A Light On the Past

Walking into the cool shade of Ghar Dalam from the bright spring sunshine outside might send a shiver down your spine: here, inside the depths of this ancient cave – whose name means the Cave of Darkness – was found the earliest evidence of human settlement in the Maltese islands, shining a flickering light on the islands’ mysterious past.
First excavated in 1865 by Professor Arturo Issel, an Italian geologist in search of Neanderthal Man in Malta, the cave yielded layers of fossils from as early as 500,000 years ago to less than 10,000 years ago, when the first signs of human presence in Malta were discovered.
As archaeologists dug in the solidified mud they passed through several layers, each of which was like a journey into the mysterious past that took them further and further back in time.
The lowermost layers, more than 500,000 years old, contained the fossil bones of dwarf elephants, hippopotami, micro-mammals and birds. Above the pebble layer that follows, is the so-called “deer” layer, dated to around 18,000 years ago.

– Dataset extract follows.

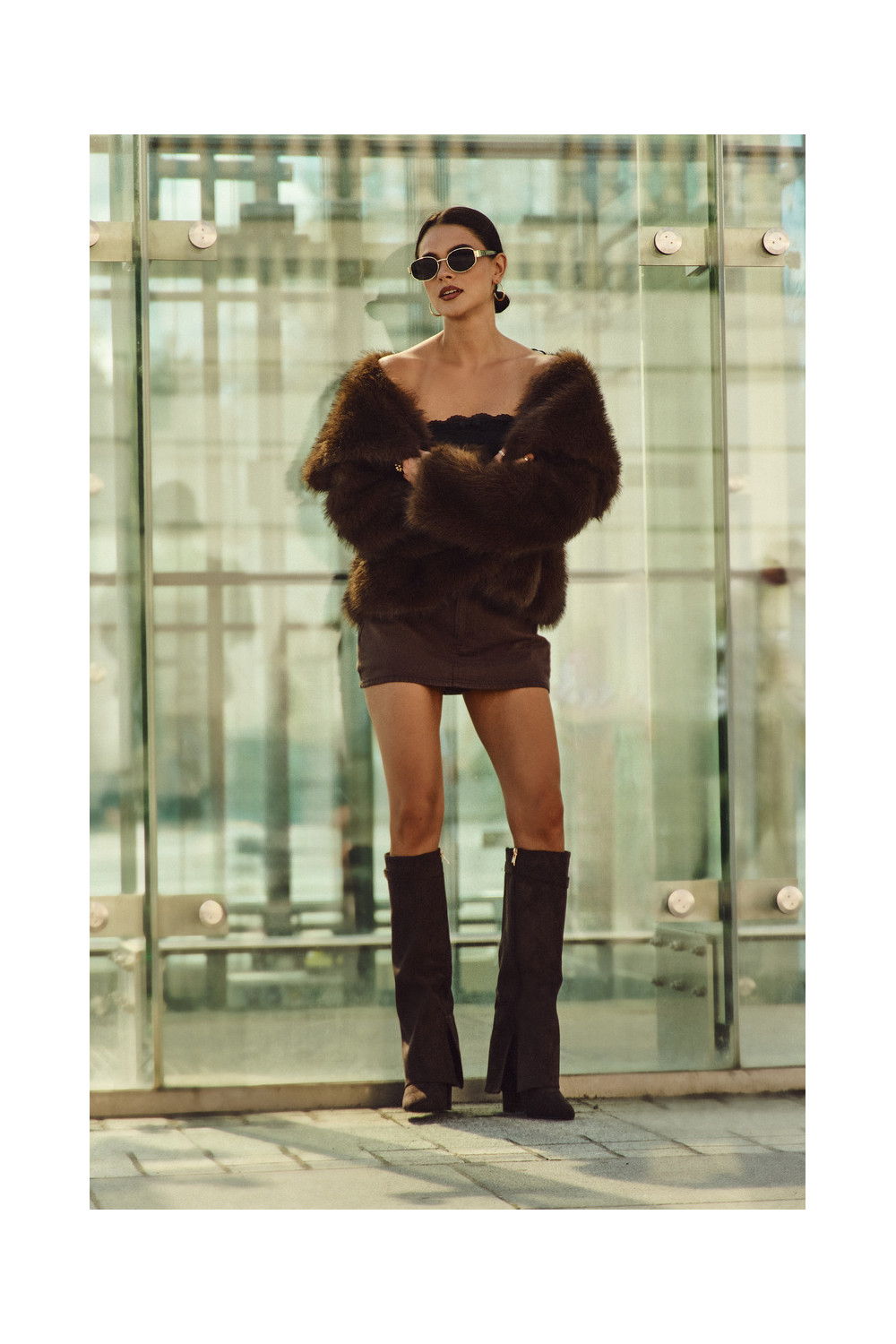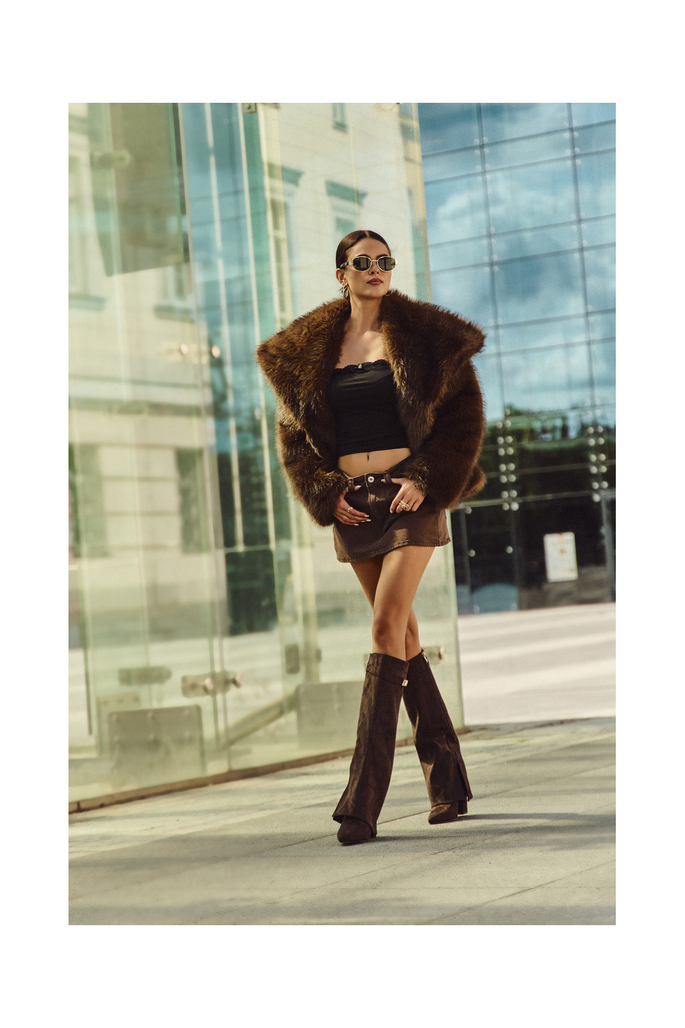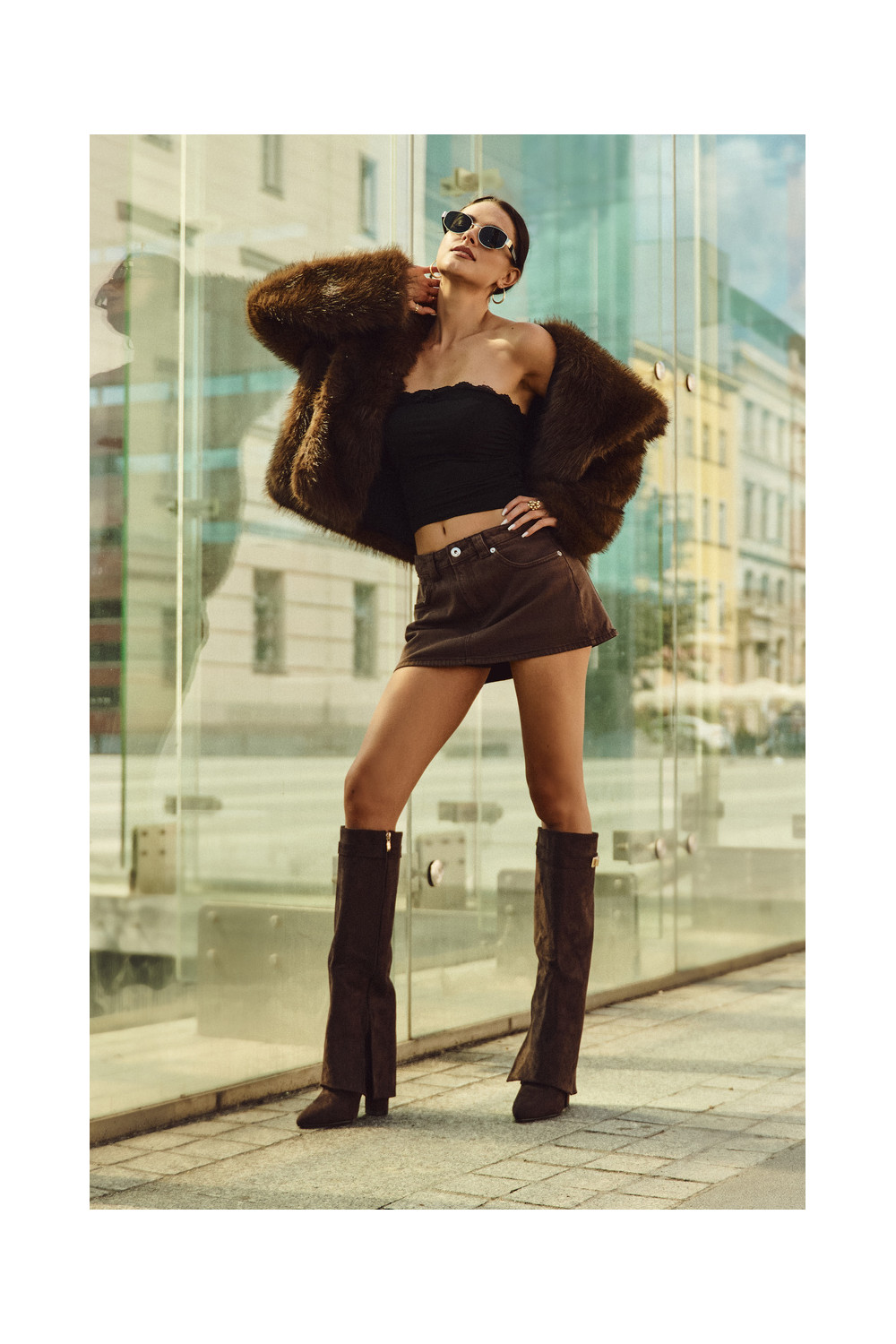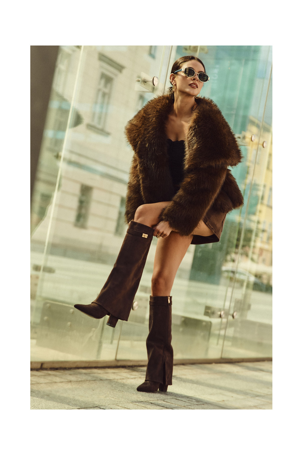 Naiste pikad eko-seemisnahast saapad, plokk-kontsaga, vooderdatud, kaunistatud sääreosaga, šokolaadipruunid Evyra

The top layer, or “cultural layer”, dates to less than 10,000 years and holds evidence of the first humans on the island.

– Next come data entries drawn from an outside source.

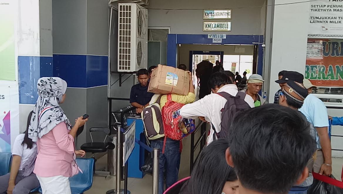 Memasuki arus mudik H+3 lebaran lonjakan penumpang terjadi di Pelabuhan Nusantara, Kota Parepare.
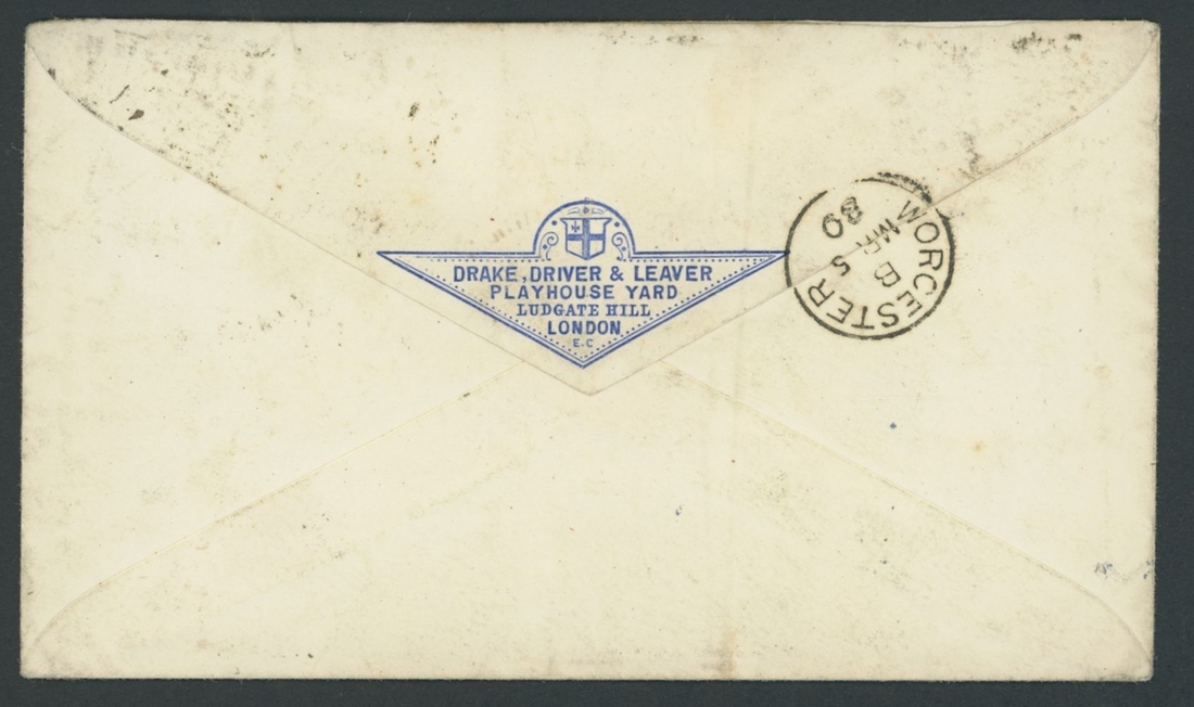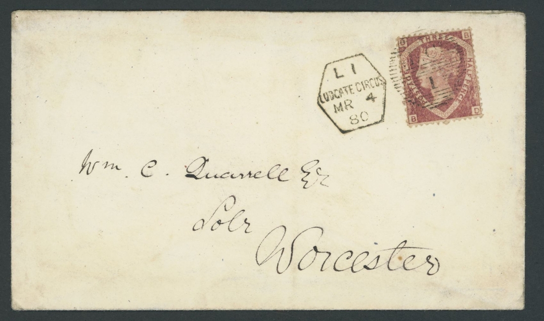 Plate 3: BD, tied by hexagonal Ludgate Circus duplex cancellation of 4 March 1880  to advertising envelope (Drake, Driver & Leaver, printers, stationers and lithographers) addressed to Worcester; fine. S.G. 51/52
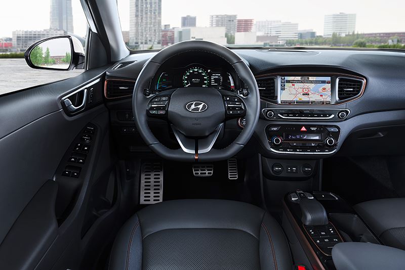Het was zijn eerste kennismaking met de Hyundai IONIQ Electric. ‘Hij ziet eruit als een ‘normale’ auto, dat ben ik als ervaren elektrisch rijder niet gewend. De auto heeft een overzichtelijke indeling, elektrisch verstelbare leren stoelen met verwarming en een sportief gevormd stuur met bediening.’
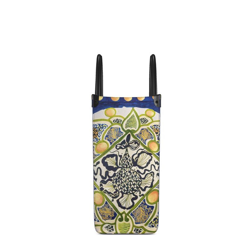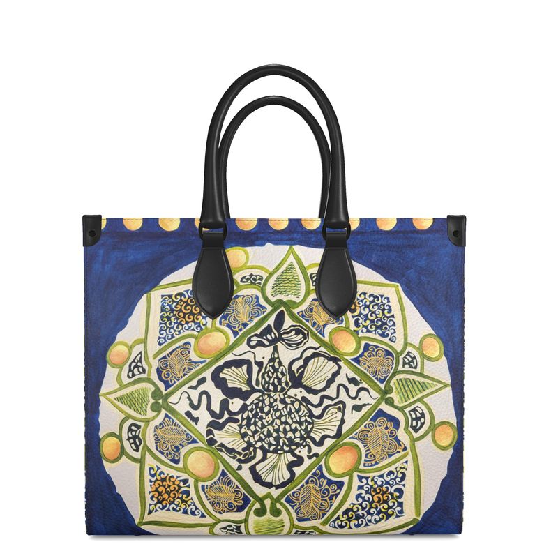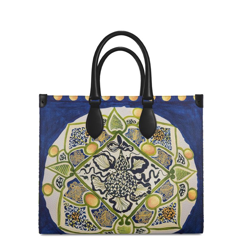 Step into everyday elegance with the Golden Bag, a stunning shopper made from 100% luxurious Nappa leather, adorned with original artwork by Kate Toledo. Each bag is a wearable canvas, brought to life by the hands of expert leatherworkers in a celebration of craftsmanship and creativity.Designed for both beauty and durability, the Golden Bag features smooth black Nappa handles and reinforced stud tabs to protect the leather. It's more than just a stylish statement, it’s a sustainable alternative to single-use bags, made to be used and admired again and again.A masterpiece of leatherworking and artistic expression, the Golden Bag is where fashion meets purpose and art walks with you.
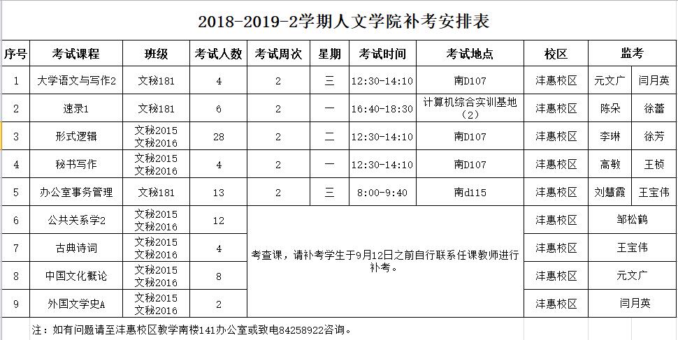 2018-2019-2太阳成集团tyc33455补考安排表
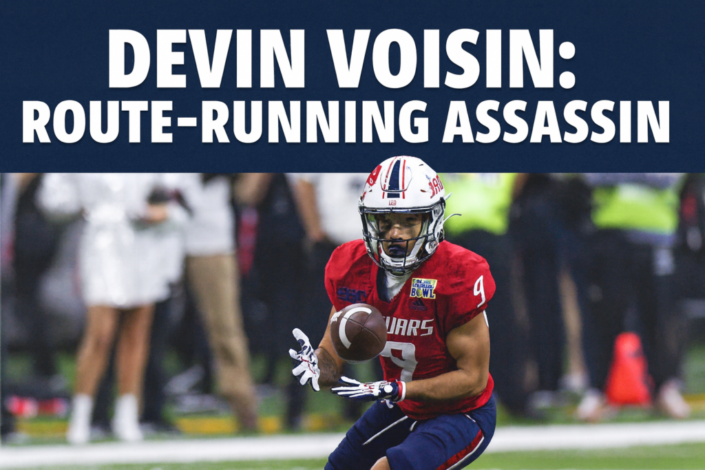 Devin Voisin enters the 2026 NFL Draft cycle as one of the most polished, reliable, and quietly dangerous receivers in the class—a technician with grown‑man nuance, a competitive edge, and a résumé built on production rather than projection. At South Alabama, he became the engine of the Jaguars’ passing game, stacking multiple seasons of high‑volume targets, chain‑moving consistency, and clutch playmaking. His profile isn’t built on measurables or viral highlights; it’s built on craft, toughness, and the kind of detail‑oriented receiver play that translates cleanly to Sundays.

The Ghar Dalam Museum is divided into two sections: a modern didactic part in which one finds information about the cave, and the “Old Museum” which was kept as an example of a Victorian style museum in which hundreds of semi-fossilised bones are mounted on wooden boards without any explanations. “The Old Museum” was opened in 1933 while the new didactic museum was inaugurated in 2002.
Considered to be one of the oldest caves in the Maltese islands, Ghar Dalam was formed at a time when the climate was milder and much wetter. Water from heavy rainfalls formed the many valleys, underground caverns and caves that are characteristic of the Maltese islands. Ghar Dalam was formed by the action of rushing waters that eroded the soft limestone forming a long tube. An overlaying river running down towards the sea gradually ate its way into, through, and well beyond the subterranean tunnel, ultimately reaching the level of the present valley bed. The two ends of the tunnel were therefore left perched high on either side of the valley. One end is now Ghar Dalam, while the opposite end is known simply as “the Second Cave”.
The overflowing river, running at right angles to the tunnel, gradually “ate” its way deeper and deeper into the limestone until it reached the tunnel’s roof and breached it. This formation of the cave happened in the early periods of the Ice Age, but the collapse of the cave’s roof happened at much the same time when herds of hippopotami and elephants roamed the island. When the tunnel roof collapsed, carcasses of dead animals, dismembered skeletal parts and other debris dragged by the river were sucked into the tunnel and deposited within.
Ghar Dalam is also an important archaeological site because in it were found the first signs of human activity on the Maltese islands. Apart from pottery dating back to 5,200BC, human remains were found inside the cave.